Many people working today are set to be disappointed with their income in retirement according to a new report from Saga Investment Services.

Massive changes to the pensions environment mean that a swiftly growing group of people urgently need to take an interest in their financial futures and have a plan for making their money work hard for them.


The report compiled by the Centre for Economic and Social Research (Cebr) on behalf of Saga reveals that defined benefit (DB) pensions – based on final salaries and years worked – are fast disappearing in the private sector. Instead employees are being offered defined contributions (DC) pensions, in which savings contributions are invested to build up a retirement ‘pot’ to turn into an income.


According to the report ‘The Future of Pensions’, the total number of active DC pension members is expected to overtake the number of DB pension members by 2018.


Active members of DB private sector pension schemes fell by two million (56% of total) between 2004 and 2014, while the number of members of defined contribution private sector pension schemes increased by two million (167%) from 1.2 million to 3.2 million.


And of the 2.5 million entrants into private sector occupational pension schemes in 2014, 2.4 million (94%) invested in defined contribution pensions.


However, many are likely to be contributing too little to their pension pots to enjoy what many would consider to be an acceptable standard of living in retirement.
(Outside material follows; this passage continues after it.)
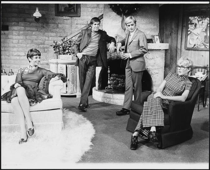 [David McCallum as Julian, Gwyda DonHowe as Sharon, Monica Evans as Candida and Don Francks as Theo in "The Flip Side".]

Average employee contributions to DC pensions, at 1.7%, were just over a third of the 4.9% contributions to DB schemes, and even with planned increases in minimum total pension contribution rates typical total rates are likely to remain much lower.


At the same time Cebr warns that many individuals are probably underestimating the amount of savings that they need to fund their desired lifestyle in retirement. If a healthy 65-year-old purchases a single inflation-linked annuity today for £150,000, it can be expected to yield a retirement income of less than £4,7001 in the first year.


Nici Audhlam-Gardiner, managing director of Saga Investment Services said: “The report underlines how vital it is for people to plan to plan better for their retirement, to know how much is in their pension pots and to understand their financial needs when they finish working.


“Many working today will enjoy good living standards, benefiting from high levels of wealth including property investments and solid pension incomes, but for those who have not planned well in advance could risk a lower than expected level of living in retirement.


“And we know that not enough people are planning – a recent Saga report revealed that only 30% had begun a retirement plan with only 3% saying their plan was definitely on track.”


“The challenge the report identifies is stark. For those earning £25,000 over a 25-year period with salary increases around 2.5% each year and making today’s typical DB contributions they will have contributed close to £180,000. But those on a typical DC contribution rate their total would be just £40,000.


“These losses are even greater when considered against the returns on investment associated with a pension. The result is the DB pension-holder would have a pensions pot five times greater in value than the DC pension-holder.”


Nici continued: “This issue has been intensified by the introduction of auto enrolment which has produced a significant increase in the number of active members of pension schemes, rising from 10 million in 2014 to 18 million by 2020.


“Millions more workers in the UK will have an occupational pension – the vast majority of which will be DC schemes. These conditions are creating a perfect storm with a need to provide pensions advice and planning on a scale never before seen.”